If I well understood the fMRI analysis, a chosen vertex was considered a seed for calculating the connectivity fingerprint of a given region. Is it correct?

In their discussion, the authors discussed that the limited functional connectivity of area 10 compared with for instance area 8A could be due to a lower SNR. Classic tracer studies could help the authors strengthen their point. For instance, retrograde tracer injections were performed in both areas 10 and 8A by Markov et al. 2014. The authors could simply compare the number of areas projecting to 10 and 8A.

https://doi.org/10.7554/eLife.82850.sa1

Author response

Essential revisions:

Reviewer #1 (Recommendations for the authors):

The design of the study is not completely clear. Indeed, the reason for analyzing prefrontal and frontal areas together in the cluster analysis is not explained. In the introduction, the authors state that quantification of heterogeneous receptor distribution throughout the cerebral cortex enables the identification of subdivisions among primary sensory, primary motor, and multimodal areas. However, they analyzed prefrontal data only with those of caudal frontal areas. The authors have also, from previous studies, receptor density data of parietal and cingulate areas, thus they could have also included these areas in the cluster analysis. Furthermore, in the introduction, the authors said that functional connectivity data could "resonate" with those of receptor density, but most of the analyzed receptors reflect the presence of subcortical input, not cortical connectivity.

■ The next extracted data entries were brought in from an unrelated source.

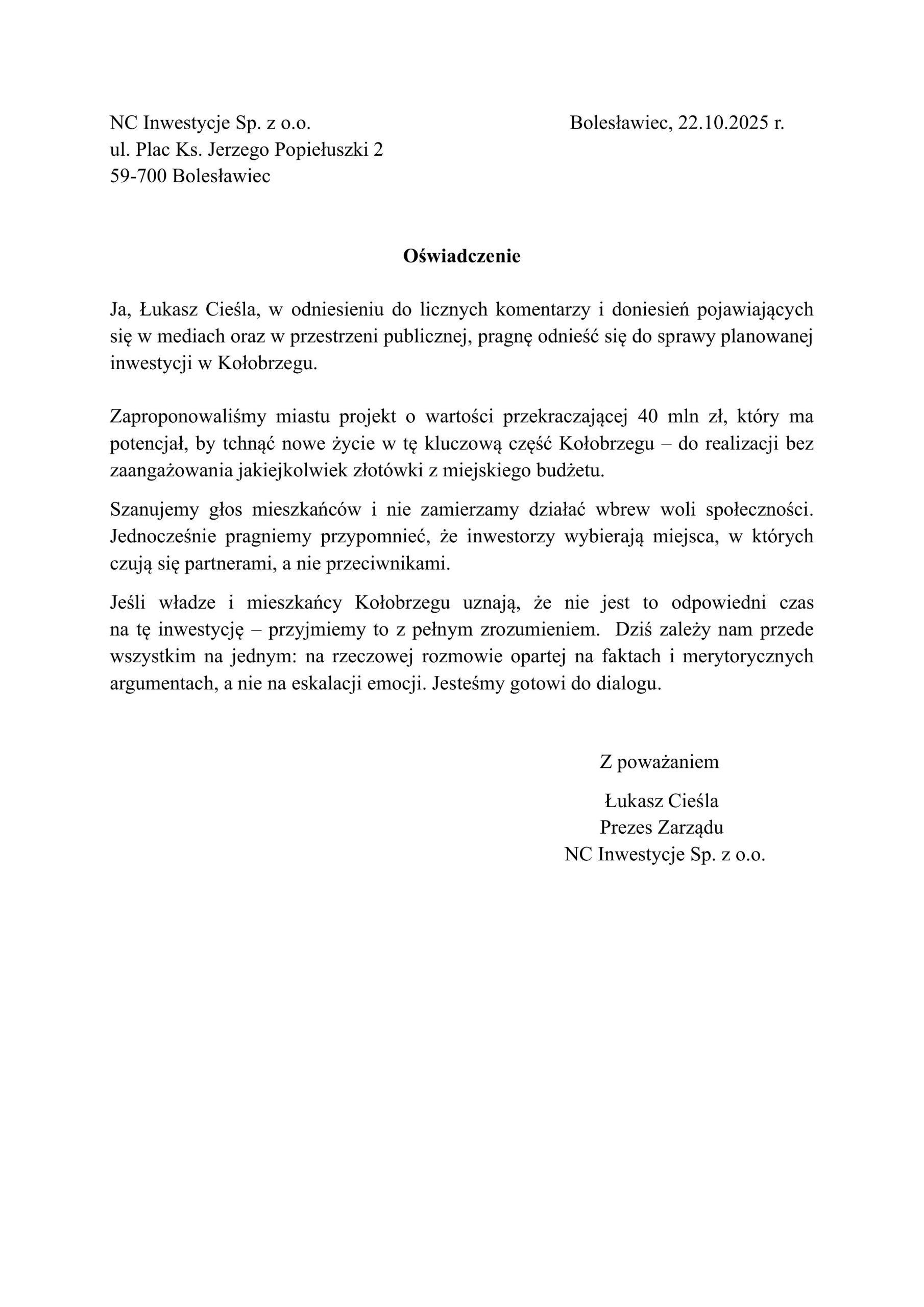Dziś do naszej redakcji inwestor – prezes zarządu spółki NC Inwestycje Łukasz Cieśla – przysłał swoje oświadczenie w tej sprawie. Umieszczamy je w całości pod tekstem.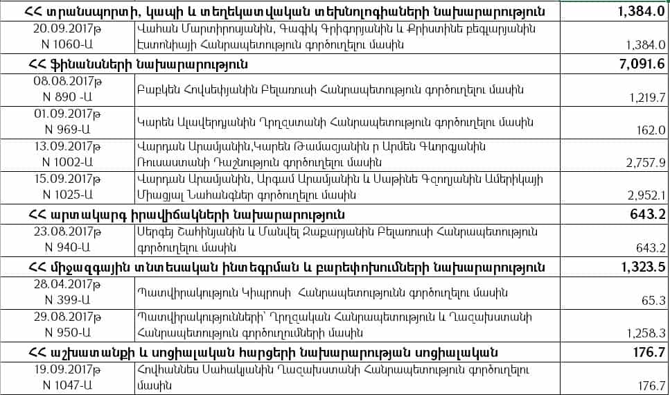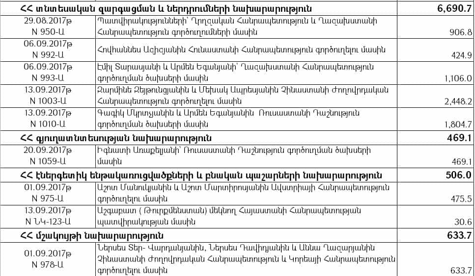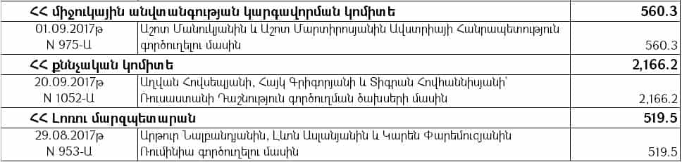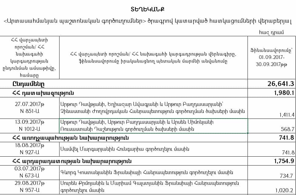 Նախարարությունից Tert.am-ին են տրամադրել 2017, 2018 և 2019 թվականների պետական բյուջեներով «Արտասահմանյան պաշտոնական գործուղումներ» ծրագրով նախատեսված միջոցների հաշվին՝ այդ տարիների սեպտեմբեր ամիսներին կատարված ֆինանսավորումը՝ ըստ համապատասխան մարմինների և որոշումների, ինչը ներկայացնում ենք կից: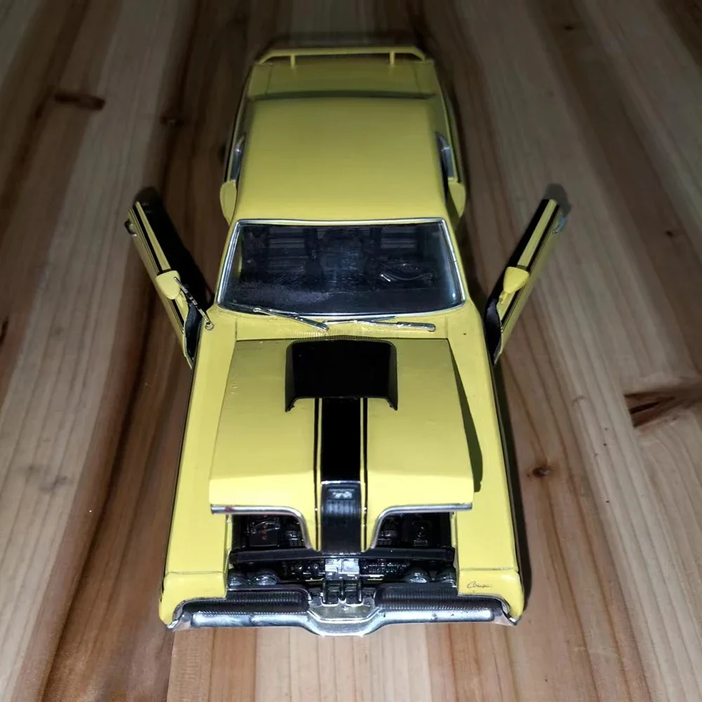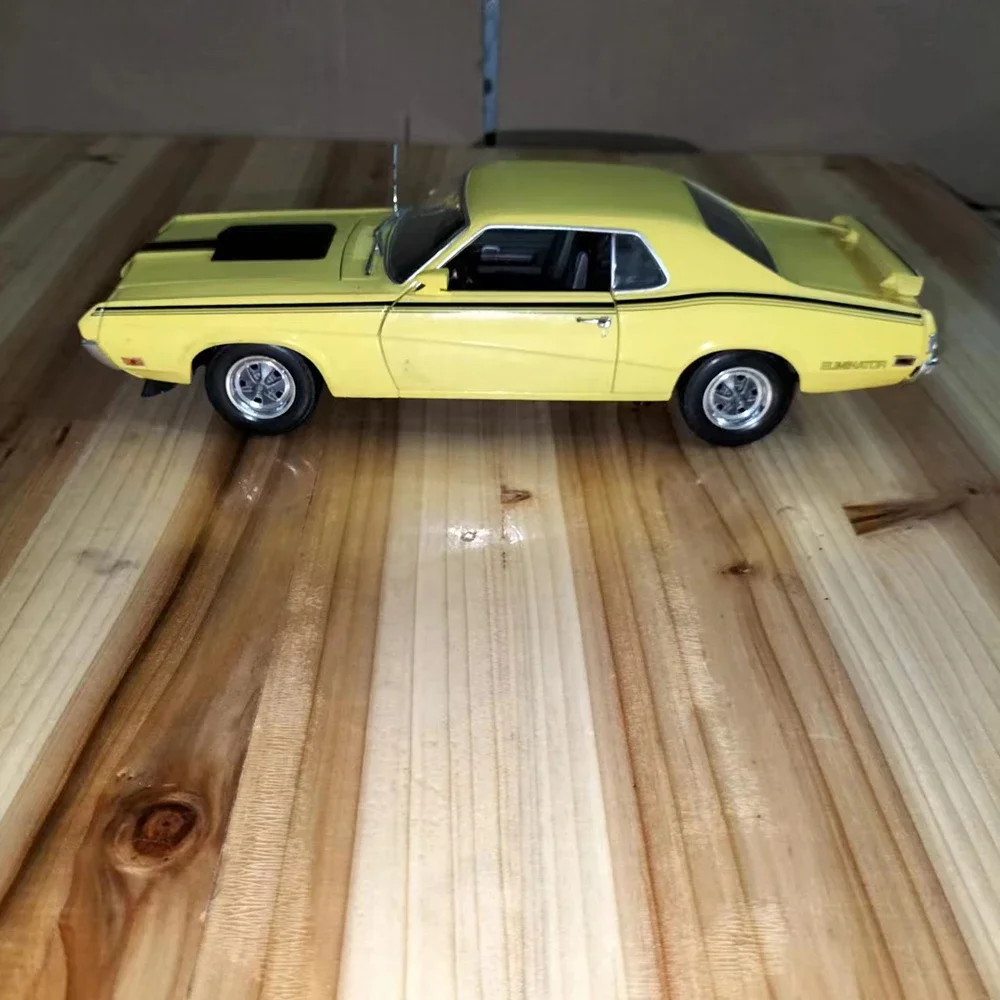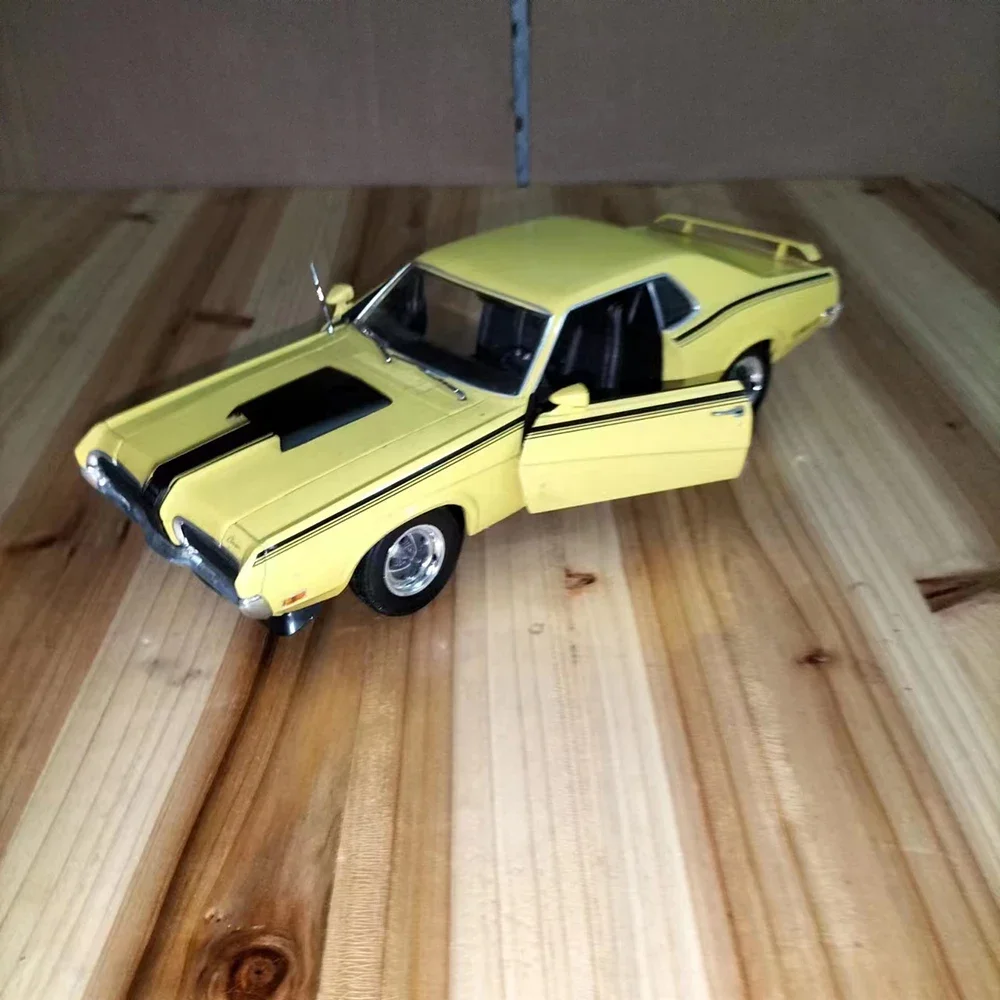 A detailed 1:18 scale die-cast model of the 1970 Mercury Cougar Eliminator, measuring approximately 27.5 x 10 x 7 cm. Crafted from alloy, plastic, and rubber, it features functioning rotating wheels, and openable doors, hood, and trunk, capturing the classic muscle car’s sleek and aggressive design. The vibrant yellow finish with distinctive black racing stripes adds to its vintage appeal, complemented by chrome accents and realistic details like the grille, headlights, and black interior. Please note surface paint imperfections and minor rashes, emphasizing its collectible and decorative purpose. Perfect for enthusiasts seeking a striking display piece or a nostalgic gift.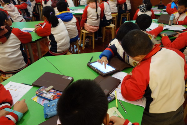 我们平直实小也带去了3堂课。章燕妮老师的数学课用53台ipad完成了《解决问题的策略——替换》数字信息化移动课堂的教学,将苏州和安徽两地学生的课堂反馈进行实时比较,营造出孩子们乐学、追求的气氛。安徽师范大学附属小学郁培林校长高度评价章老师的这堂课,认为这是在信息技术在教学运用中的一个教学模式的改变,一次创新与引领。张婷君老师执教的综合课四年级《笔袋DIY》一课,充分运用实物演示、多媒体等多种教学方式和手段,让学生在这节课上不仅掌握生活小技能,知道笔袋制作的工艺流程,学会画裁剪图、手工缝纫,更为今后的自主学习和积极探索搭建平台,获得了情感体验。杨念文老师执教的语文课《火星——地球的孪生兄弟》充分考虑了五年级学生的学情,以发展学生的语文能力为目标,抓住课文的表达及语言特点,运用多媒体教学手段,向学生展现了一个充满语文味的说明文课堂。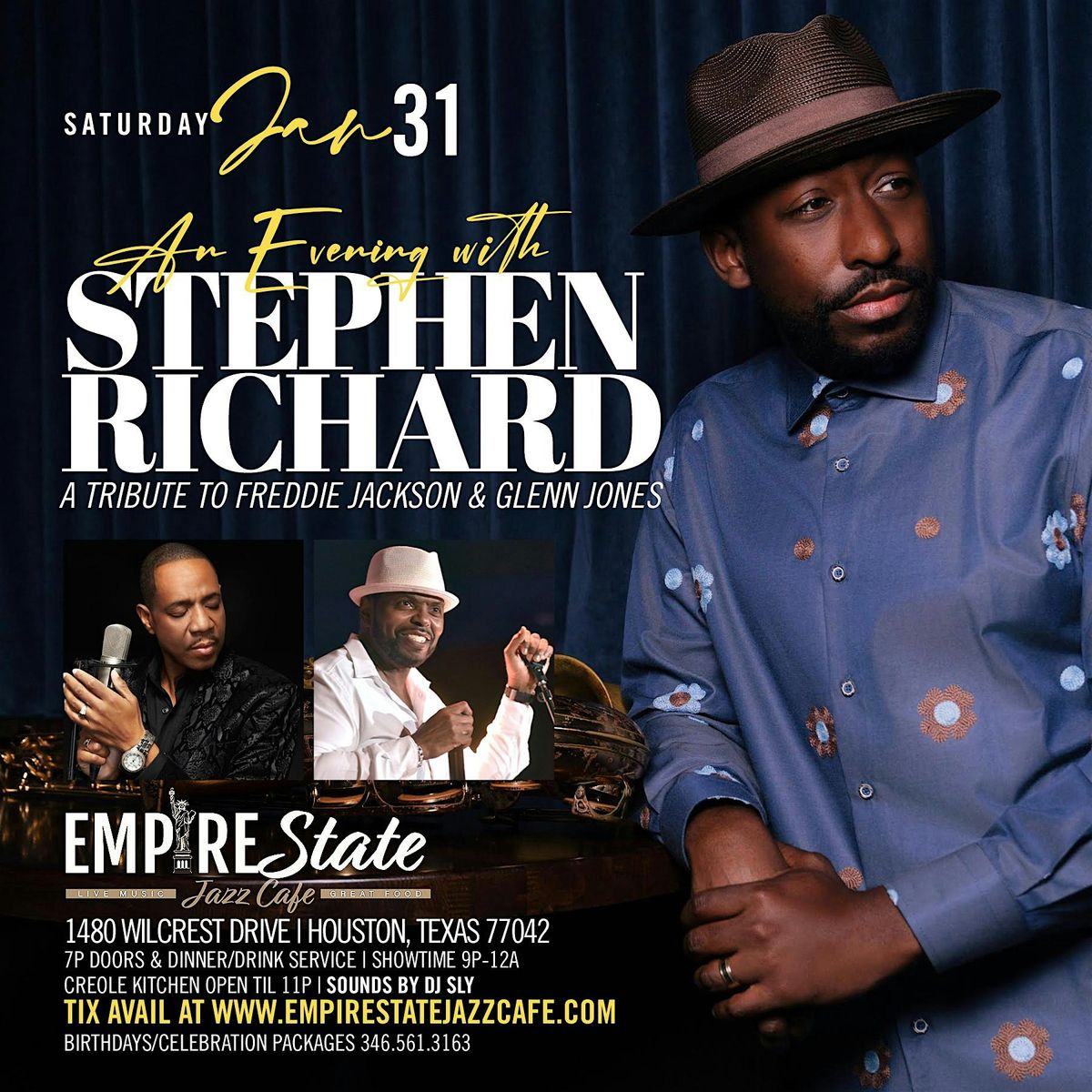 Come and enjoy Stephen Richard Tribute to Freddie Jackson & Glenn Jones on January 31, 2026 at Doors 7:00 PM | Showtime 9:00 PM (Central Time).
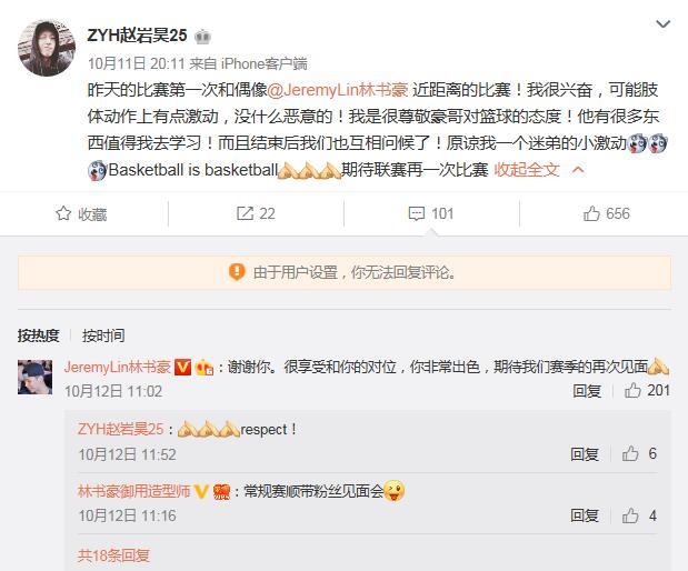 第二天,赵岩昊主动在社交媒体上发声,避免引发不必要的误会。“我很兴奋,可能肢体动作上有点激动,没什么恶意的!我是很尊敬豪哥对篮球的态度!他有很多东西值得我去学习!而且结束后我们也互相问候了!原谅我一个迷弟的小激动,”赵岩昊写道。而刘书豪看到之后也大度地回复:“谢谢你。很享受和你的对位,你非常出色,期待我们赛季的再次见面。”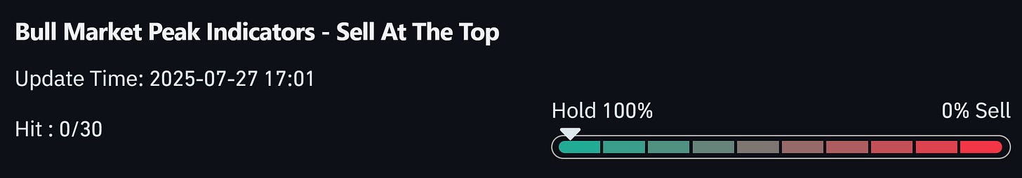 If you check the 30 most popular top indicators for Bitcoin, you’ll see that none of them flag that we’re anywhere close to a top. This is great news for Bitcoin and altcoins since they have plenty of room left to pump.

We apologize for the lack of clarity. The present study builds on our parcellation of the (pre)motor cortex (Rapan et al., 2021) as part of a project to parcellate and characterize the macaque frontal lobe. Thus, the primary aim of the present study was to characterize the cyto- and receptor architectonic segregation of the macaque prefrontal cortex and to produce a statistically testable parcellation. A second aim was to determine clustering of the identified areas based on similarities in their receptor fingerprints. A further aim was to characterize the functional connectivity of the identified areas, and this analysis revealed, among other things, a tight correlation between posterior prefrontal and premotor areas. Since receptors constitute key elements in signal transduction, we hypothesized that this trend would be reflected in the result of the multivariate analyses if they also included our previously published data on the (pre)motor areas. Thus, our current Figures 19 and 20 present the result of such an analysis, with which we provide a comprehensive overview of the structural and functional relationships between all frontal areas. To clarify our motivation for this study design, we have modified following sentence in the Introduction (lines 136-145):

“The primary aim of the present study was to. First, to identify and characterize prefrontal areas based a quantitative cyto- and receptor architectonic approach, and to create a 3D statistically validated parcellation scheme in stereotaxic space. Since the functional connectivity analysis revealed a tight coupling between posterior prefrontal and premotor areas, and receptors play a key role in signal transduction, we hypothesized that this tight relationship would be associated with similarities in neurochemical composition. Thus, we decided to also include our previously published receptor fingerprints of (pre)motor areas (Rapan et al. 2021) in the multivariate analyses. Importantly, the densities of prefrontal and (pre)motor areas were all obtained from the same brains.”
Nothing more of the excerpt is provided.